The 24-week M-ROCC program consisted of a 30-minute informal check-in and a weekly 60-minute intervention group. The program used a trauma-informed curriculum broken up into three components. “[It] includes a warm mindfulness approach that integrates mindfulness and self-compassion in a way that supports patients to learn how to courageously and warmly be with present moment experience with curiosity, openness and acceptance,” Schuman-Olivier said.
In comparison, the recovery support program’s curriculum used four evidence-based substance abuse disorder-focused nonmindfulness approaches, such as cognitive behavioral therapy and community reinforcement.
The number of 2-week periods with both self-reported and biochemically confirmed abstinence from illicit opioid use during study weeks 13 to 24 served as the study’s primary outcome, with secondary outcomes measuring changes in opioid craving, anxiety and benzodiazepine and cocaine use.
Researchers reported an opioid use rate of 13.4% (95% CI, 6.2%-20.5%) in the M-ROCC group and 12.7% (95% CI, 7.5%-18%) in the recovery support group from weeks 13 to 24, a 0.6% difference that lacked statistical significance.
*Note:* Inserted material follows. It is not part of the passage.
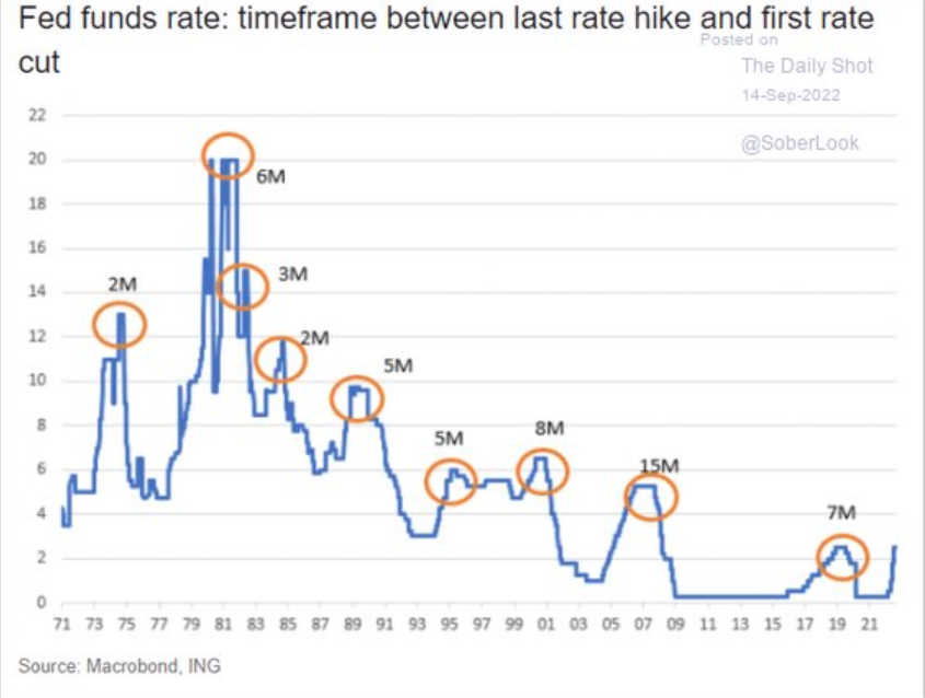 除了衰退本身的威胁外,能够支撑美联储在明年下半年降息的例子还有很多。例如我们此前曾提到过,纵观历史,当美联储达到其终端利率(目前定价为明年年中达到4.90%左右)时,下一个宽松周期的第一次降息通常会在几个月后就发生。

Benzodiazepine and cocaine use also did not significantly differ between the two groups.
The researchers found that mean anxiety scores from baseline to 24 weeks decreased by 10 (95% CI, 12 to 8) among recovery support group participants and 9 (95% CI, 11.7 to 6.3) among M-ROCC participants, with no significant between-group differences.
M-ROCC participants experienced a 67% reduction in mean opioid craving at 24 weeks compared with a 44% reduction among recovery support group participants, representing a significant differential reduction (1; 95% CI, 1.7 to 0.2).
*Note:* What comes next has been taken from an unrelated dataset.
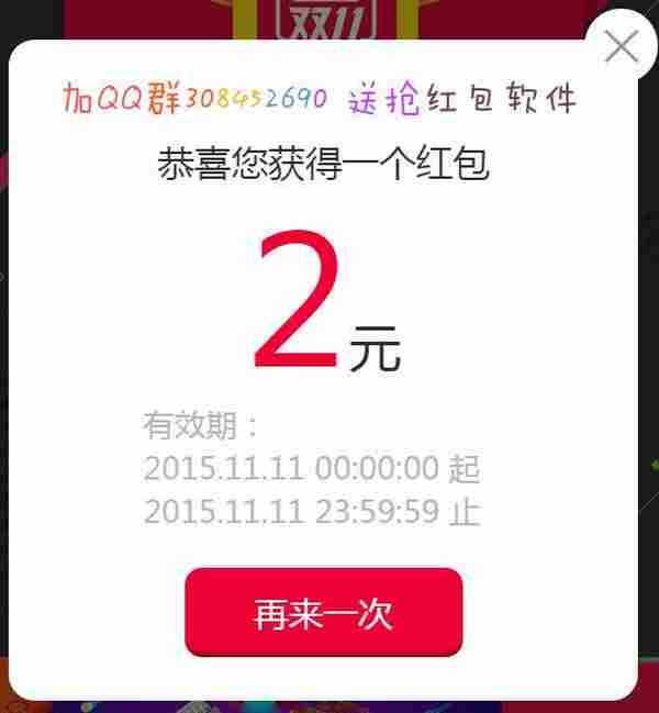 双11红包怎么领?双十一玩法揭秘: 重要事情说三遍:抢双11红包!抢双11红包!抢双11红包!切记!每天都可以参与拆红包哦! 参与步骤: 1、2015天猫双十一抢红包活动地址: 电脑端领取 http://www.800quan.com/11111 (复制链接到浏览器打开) 手机端领取 http://www.800quan.com/sj1111 (复制链接到浏览器打开) (注:这是官方地址 可放心点击,将链接分享给朋友,中奖几率会大大提高!) 2、使用淘宝账号登录; 3、所拆红包是自动到账淘宝账号所对应的支付宝卡券里; 4、手机支付宝打开即可查看红包,如图所示: 5、每天都可以参与拆红包,所得红包11月11日当天购物可以抵扣使用; 天猫2015年11月双十一红包活动进展: 11月1日开始,针对余额宝沉睡用户定向发放5元的红包,限额200万份; 11月4日-11月6日,“红包么么哒”亲晕红包抽奖送红包,每天10点、12点、16点、18点(4个整点)将会出现大波红包; 11月1日-11月7日,“店铺互动赢红包”,只要参与即有获得天猫红包的机会;“狂欢城赢红包”,狂欢城内的飞机会随机撒落一些红包,只要点击即有机会获得天猫红包; 11月7日-11月11日,“星座红包对对碰”根据页面提示拉扯红包,将有机会获得【天猫红包】或【星座红包】一个; 11月11日14点,进行60秒钟的捉猫猫,用鼠标点中“猫猫”即有机会获面额为11元、111元、1111元红包。 以上就是小编呕心力作整理,大家一定记得收藏啊!这可都是钱呐!更多关于2015双十一的活动内容↓↓↓↓

Schuman-Olivier and colleagues wrote that multiple intervention mechanisms may explain the positive effects.
“Craving involves interoceptive processing, and several mindfulness practices (eg, body scan) may impact craving by enhancing healthy interoceptive awareness and correcting interoceptive dysregulation,” they added. “Mindfulness enhances self-regulation capacity and improves emotion regulation, thereby reducing reactivity to negative affect and breaking associations between negative affect and substance use craving.”
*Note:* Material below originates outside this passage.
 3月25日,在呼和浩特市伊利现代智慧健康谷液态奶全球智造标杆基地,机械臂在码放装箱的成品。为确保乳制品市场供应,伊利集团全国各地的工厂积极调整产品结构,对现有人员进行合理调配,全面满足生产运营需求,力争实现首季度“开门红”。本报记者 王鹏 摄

Schuman-Olivier highlighted the flexibility of the intervention, noting that these mindfulness groups “can be implemented in primary care both in-person or provided through live-online video groups.”
The researchers acknowledged that the study enrolled fewer Black participants than expected, which possibly hurt the general applicability of the results; the trial also lacked a control group with no behavioral treatment.
“We need to study the role of group vs. individual interventions during buprenorphine treatment,” Schuman-Olivier told Healio. "We need to study the best ways to implement mindfulness-based interventions during buprenorphine treatment, including with cultural adaptations to ensure the training is culturally relevant to Black, Indigenous and Latino communities, in which studies have shown recent increases in the proportion of opioid overdoses.”